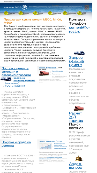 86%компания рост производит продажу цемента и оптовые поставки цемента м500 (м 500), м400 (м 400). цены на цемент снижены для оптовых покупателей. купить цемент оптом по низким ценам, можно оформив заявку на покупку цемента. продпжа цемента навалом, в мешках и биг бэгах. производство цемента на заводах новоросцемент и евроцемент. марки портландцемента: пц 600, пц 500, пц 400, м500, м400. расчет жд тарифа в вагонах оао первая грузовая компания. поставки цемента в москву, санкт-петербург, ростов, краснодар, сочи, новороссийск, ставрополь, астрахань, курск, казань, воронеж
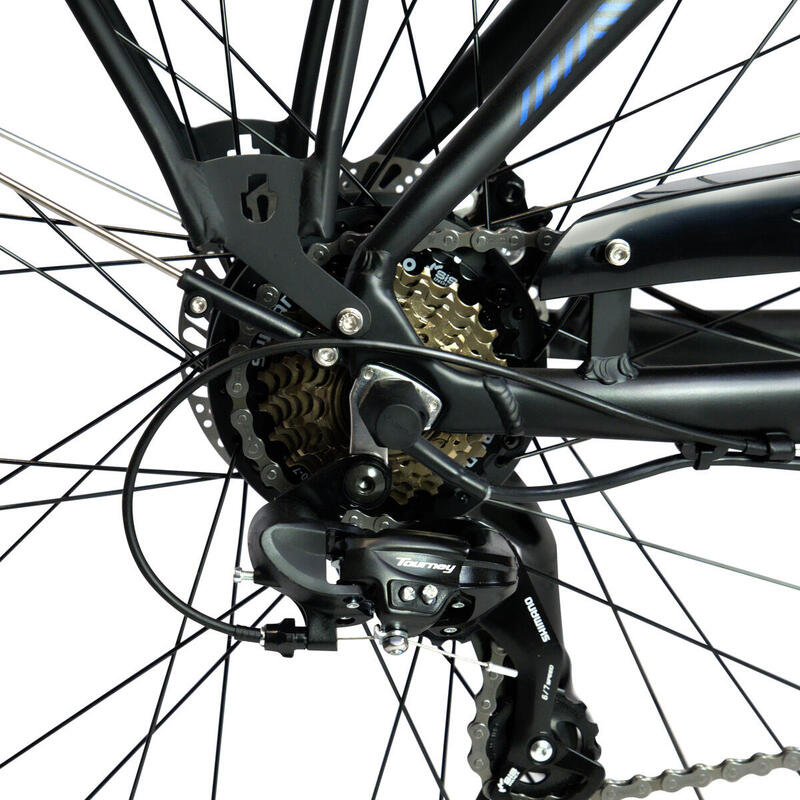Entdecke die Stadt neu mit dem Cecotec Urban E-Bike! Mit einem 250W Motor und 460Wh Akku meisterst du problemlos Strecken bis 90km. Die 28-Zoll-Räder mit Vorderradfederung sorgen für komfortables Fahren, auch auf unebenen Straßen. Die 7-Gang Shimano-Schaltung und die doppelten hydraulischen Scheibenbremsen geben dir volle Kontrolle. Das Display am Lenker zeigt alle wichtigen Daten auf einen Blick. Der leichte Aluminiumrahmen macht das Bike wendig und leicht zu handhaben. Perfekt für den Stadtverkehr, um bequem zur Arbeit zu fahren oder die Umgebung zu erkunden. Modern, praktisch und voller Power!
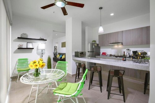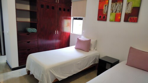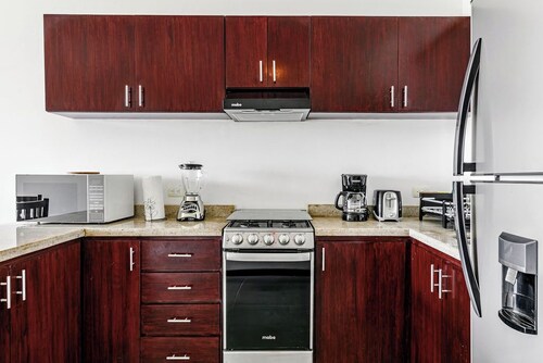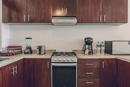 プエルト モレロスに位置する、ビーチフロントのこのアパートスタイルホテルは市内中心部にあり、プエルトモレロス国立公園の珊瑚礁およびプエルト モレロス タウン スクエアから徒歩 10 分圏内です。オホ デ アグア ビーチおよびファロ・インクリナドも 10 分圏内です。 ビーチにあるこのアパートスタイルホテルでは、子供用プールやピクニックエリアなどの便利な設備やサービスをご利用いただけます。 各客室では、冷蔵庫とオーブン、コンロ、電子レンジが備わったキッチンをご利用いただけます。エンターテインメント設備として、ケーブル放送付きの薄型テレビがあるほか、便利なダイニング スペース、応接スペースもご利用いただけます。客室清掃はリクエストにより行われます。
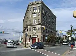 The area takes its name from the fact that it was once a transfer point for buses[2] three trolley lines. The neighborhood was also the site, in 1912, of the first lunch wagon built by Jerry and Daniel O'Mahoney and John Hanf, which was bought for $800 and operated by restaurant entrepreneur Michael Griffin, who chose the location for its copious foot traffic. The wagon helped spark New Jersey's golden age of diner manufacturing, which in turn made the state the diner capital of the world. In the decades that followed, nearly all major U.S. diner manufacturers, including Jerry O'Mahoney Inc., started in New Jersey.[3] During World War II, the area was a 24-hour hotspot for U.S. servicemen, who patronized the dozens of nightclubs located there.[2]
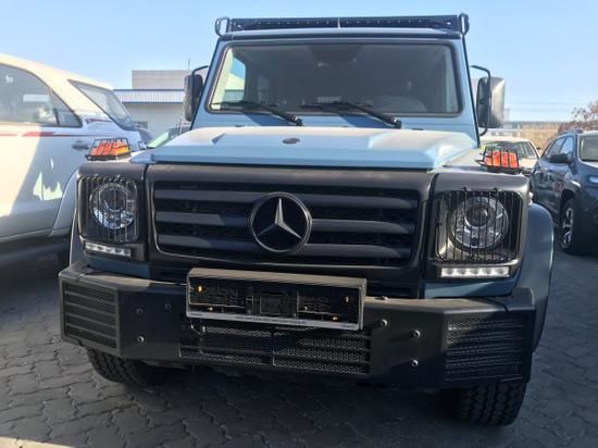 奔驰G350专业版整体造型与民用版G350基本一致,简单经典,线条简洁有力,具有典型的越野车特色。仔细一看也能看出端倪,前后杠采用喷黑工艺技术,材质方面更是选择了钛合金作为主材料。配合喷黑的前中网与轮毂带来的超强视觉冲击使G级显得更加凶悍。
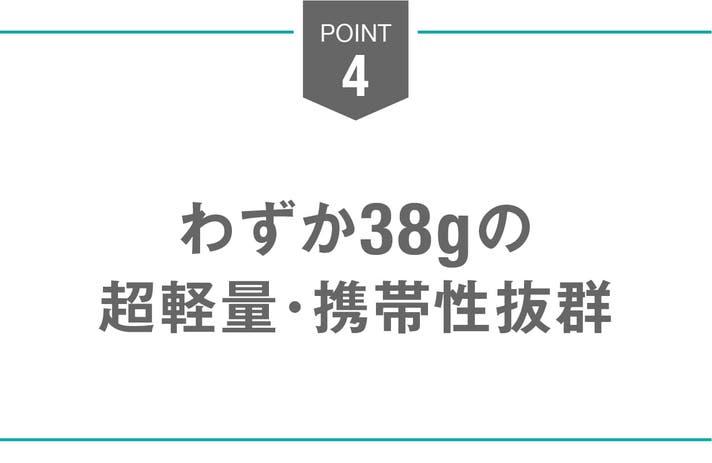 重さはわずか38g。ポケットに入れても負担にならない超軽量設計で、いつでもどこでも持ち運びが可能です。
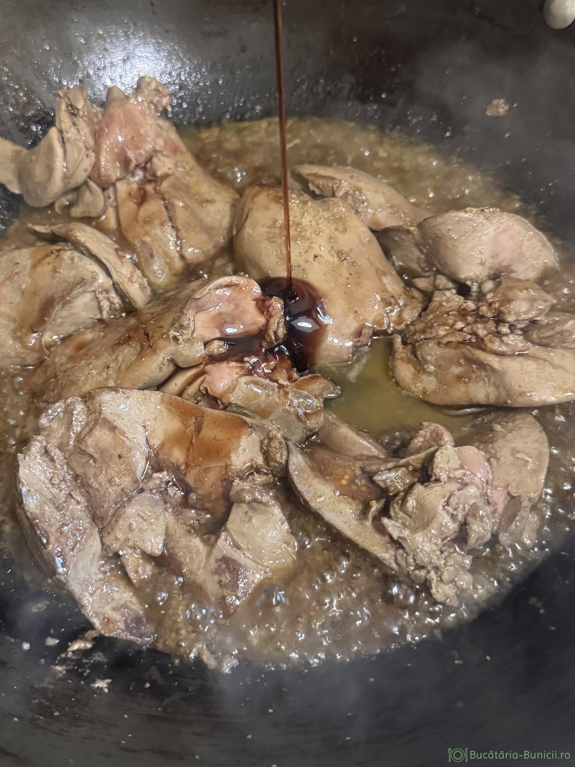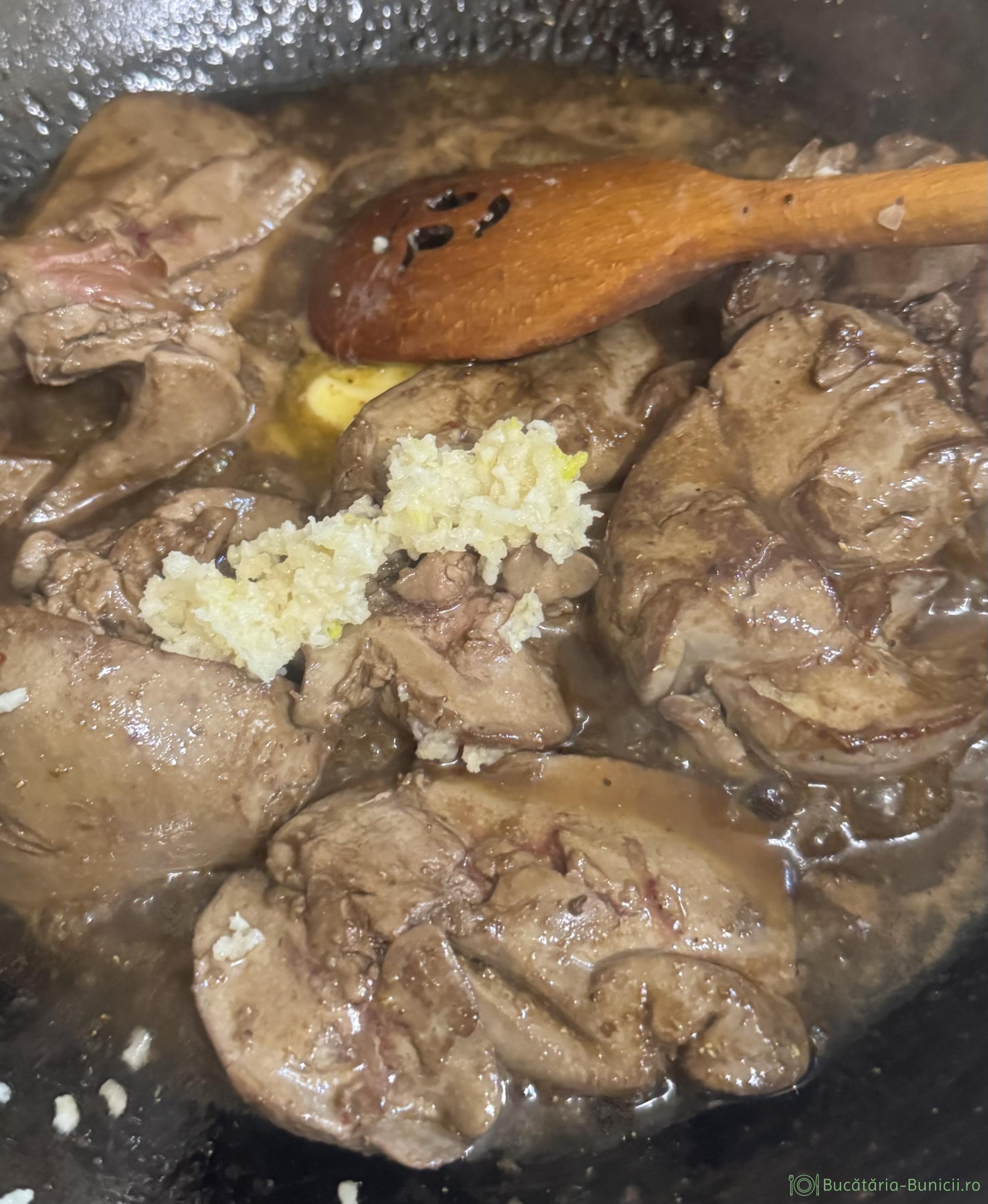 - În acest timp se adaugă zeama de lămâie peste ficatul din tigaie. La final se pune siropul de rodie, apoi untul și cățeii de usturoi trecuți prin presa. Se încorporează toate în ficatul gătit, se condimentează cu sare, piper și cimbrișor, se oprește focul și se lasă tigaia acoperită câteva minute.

> [About this task] Exact copy, no pictures: reproduce every entry shown above.

> [Exercise result]
 86%компания рост производит продажу цемента и оптовые поставки цемента м500 (м 500), м400 (м 400). цены на цемент снижены для оптовых покупателей. купить цемент оптом по низким ценам, можно оформив заявку на покупку цемента. продпжа цемента навалом, в мешках и биг бэгах. производство цемента на заводах новоросцемент и евроцемент. марки портландцемента: пц 600, пц 500, пц 400, м500, м400. расчет жд тарифа в вагонах оао первая грузовая компания. поставки цемента в москву, санкт-петербург, ростов, краснодар, сочи, новороссийск, ставрополь, астрахань, курск, казань, воронеж
Entdecke die Stadt neu mit dem Cecotec Urban E-Bike! Mit einem 250W Motor und 460Wh Akku meisterst du problemlos Strecken bis 90km. Die 28-Zoll-Räder mit Vorderradfederung sorgen für komfortables Fahren, auch auf unebenen Straßen. Die 7-Gang Shimano-Schaltung und die doppelten hydraulischen Scheibenbremsen geben dir volle Kontrolle. Das Display am Lenker zeigt alle wichtigen Daten auf einen Blick. Der leichte Aluminiumrahmen macht das Bike wendig und leicht zu handhaben. Perfekt für den Stadtverkehr, um bequem zur Arbeit zu fahren oder die Umgebung zu erkunden. Modern, praktisch und voller Power!
 プエルト モレロスに位置する、ビーチフロントのこのアパートスタイルホテルは市内中心部にあり、プエルトモレロス国立公園の珊瑚礁およびプエルト モレロス タウン スクエアから徒歩 10 分圏内です。オホ デ アグア ビーチおよびファロ・インクリナドも 10 分圏内です。 ビーチにあるこのアパートスタイルホテルでは、子供用プールやピクニックエリアなどの便利な設備やサービスをご利用いただけます。 各客室では、冷蔵庫とオーブン、コンロ、電子レンジが備わったキッチンをご利用いただけます。エンターテインメント設備として、ケーブル放送付きの薄型テレビがあるほか、便利なダイニング スペース、応接スペースもご利用いただけます。客室清掃はリクエストにより行われます。
 The area takes its name from the fact that it was once a transfer point for buses[2] three trolley lines. The neighborhood was also the site, in 1912, of the first lunch wagon built by Jerry and Daniel O'Mahoney and John Hanf, which was bought for $800 and operated by restaurant entrepreneur Michael Griffin, who chose the location for its copious foot traffic. The wagon helped spark New Jersey's golden age of diner manufacturing, which in turn made the state the diner capital of the world. In the decades that followed, nearly all major U.S. diner manufacturers, including Jerry O'Mahoney Inc., started in New Jersey.[3] During World War II, the area was a 24-hour hotspot for U.S. servicemen, who patronized the dozens of nightclubs located there.[2]
 奔驰G350专业版整体造型与民用版G350基本一致,简单经典,线条简洁有力,具有典型的越野车特色。仔细一看也能看出端倪,前后杠采用喷黑工艺技术,材质方面更是选择了钛合金作为主材料。配合喷黑的前中网与轮毂带来的超强视觉冲击使G级显得更加凶悍。
 重さはわずか38g。ポケットに入れても負担にならない超軽量設計で、いつでもどこでも持ち運びが可能です。
 - În acest timp se adaugă zeama de lămâie peste ficatul din tigaie. La final se pune siropul de rodie, apoi untul și cățeii de usturoi trecuți prin presa. Se încorporează toate în ficatul gătit, se condimentează cu sare, piper și cimbrișor, se oprește focul și se lasă tigaia acoperită câteva minute.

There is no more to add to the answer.